Había una misión distinta en aquel juego. Se llama No russian (ni una palabra en ruso) y no se desarrollaba en un campo de batalla enfrente de enemigos armados, sino en un aeropuerto de Moscú. Nuestro personaje, un agente de la CIA infiltrado en una célula terrorista nacionalista rusa que quería desatar un conflicto internacional desde el anonimato, debía participar en una (auto)masacre en el aeropuerto. En primera persona, debíamos disparar a gente asustada, que chillaba, que salía despavorida. Y, de forma extraordinaria, no podíamos correr. El juego nos obligaba a caminar por el aeropuerto durante ocho minutos mientras los terroristas a nuestro lado disparaban metódica y calculadamente a los civiles. Nosotros también podíamos (¿debíamos?) dispararles. Aquellos civiles, como los enemigos, como todos los personajes del mundo de los videojuegos, estaban hechos por polígonos, sí, pero el contexto moral de los juegos de disparos en primera persona había cambiado para siempre. En un sector, el de los videojuegos, acostumbrado muchas veces a los fuegos de artificio, aquello supuso una prueba ética: aquella misión incomodaba, no era fácil de jugar. La sangre, los cadáveres, tenían otro significado, dejaban otro sabor. Nadie que la jugara en su día la ha olvidado.


  • Momento en el que nuestro grupo comenzaba a disparar a civiles en el aeropuerto en el juego de 2009.

Había otra cosa más: la decisión de disparar, o no, no alteraba la misión. Independientemente de eso, al final nuestro personaje era asesinado por los rusos, y su cuerpo quedaba allí como mensaje: sabemos que teníamos un infiltrado. Es decir, podíamos participar en la masacre o no apretar ni una sola vez el gatillo que, sin importar lo que hiciéramos, el juego seguía su curso. Lo único que cambiaba era cómo nos sentíamos por dentro. Nada menos.

“Hablar de aquello es un tema perfectamente razonable”, asiente Nigus. El juego de ahora no incluye nada parecido, pero lidia con aquella herencia directa, con aquellos rusos malos que hoy son interpretados de una manera muy distinta. Nigus y Bloom no participaron en aquel juego, pero sienten el peso de la franquicia, de la obra de 2009 y, claro, del nuevo contexto geopolítico que envuelve al mundo. “Queríamos dar una vuelta a aquello. Centrarnos en los personajes y en la historia. Esas historias, esas misiones están ahí y los jugadores sintieron muchas cosas cuando las jugaron”, explica Bloom. “Nosotros jugamos esas misiones en su día, claro, las disfrutamos y a la vez nos afectaron profundamente. Hay quien dice que aquello fue sensacionalista, y es una perspectiva respetable. Pero nuestro enfoque, nuestra visión y nuestros giros de guion van por otra parte”, cuenta el guionista. “En el fondo, creo que nuestro juego también habla de las acciones que pueden evitar guerras a gran escala, precisamente como la que vive el mundo. Los conflictos pasan, y queremos darle al jugador la oportunidad de decidir qué hace con ellos”.

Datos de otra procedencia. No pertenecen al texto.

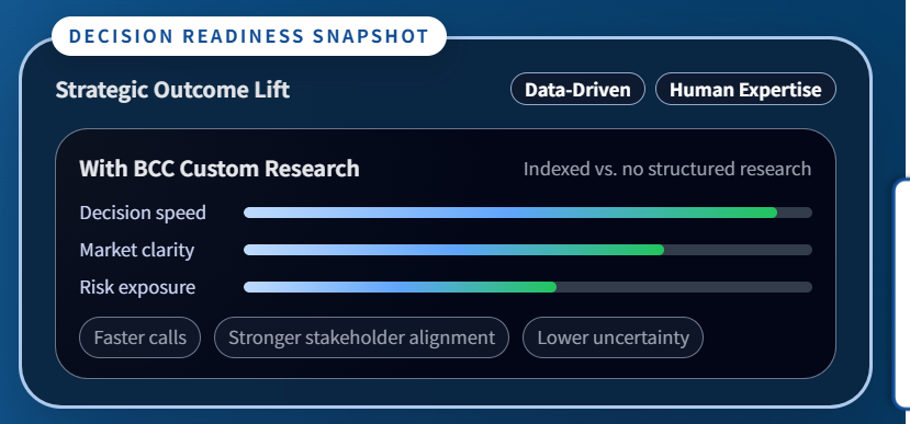BCC Researchは、「将来のビジネスと市場を切り拓くこと」を中核ミッションとする市場調査・カスタムリサーチ企業で、50年以上にわたり世界の主要組織から信頼され、意思決定に必要な重要インサイトを提供してきました。複雑化する世界情勢に対し、従来型の分析にとどまらず、より深い理解を追求しながら、企業・政府・学術機関が意義ある未来を形づくれるよう支援しています。提供価値は単なるデータではなく、正確で関連性の高い独自の洞察を実行可能な知見へと落とし込む「戦略的パートナー」であることに置かれ、科学・技術の最新動向を踏まえた高精度な調査で社会・市場・人々への理解を深めることを重視しています。米国マサチューセッツ州ボストンを拠点に、信頼できるデータ、予測、行動につながるインサイトを通じて、企業が新たな視点を得てターゲットを理解し、業界のリーダーになれるよう後押ししています。

El teórico de los videojuegos Miguel Sicart (profesor de la IT-University de Copenhague y alguien mucho menos conocido en España de lo que debería) tiene una idea contraituitiva de la representación de la violencia en los juegos: dice que parte de la experiencia lúdica consiste en forzar los márgenes. Y en sentirnos mal precisamente al forzar esos márgenes, al cruzar ciertas líneas. No hay muchos ejemplos mejores de esto que aquella misión de 2009, No russian. Los juegos están llamados a ser artefactos culturales de primer orden durante este siglo. Y como tal, de ellos depende también dialogar con el mundo que les rodea. Queda ver cómo los jugadores occidentales interpretan un juego como el que sale esta semana, mientras se desarrolla una guerra que interpela tan directamente a Occidente. Si la fantasía de poder empaña el contexto político o si el parque de atracciones que es Call of Duty: Modern Warfare II consigue, además de entretener, hablarle al mundo de las cosas que le pasan. Más allá (o más acá) de eso, el éxito está asegurado.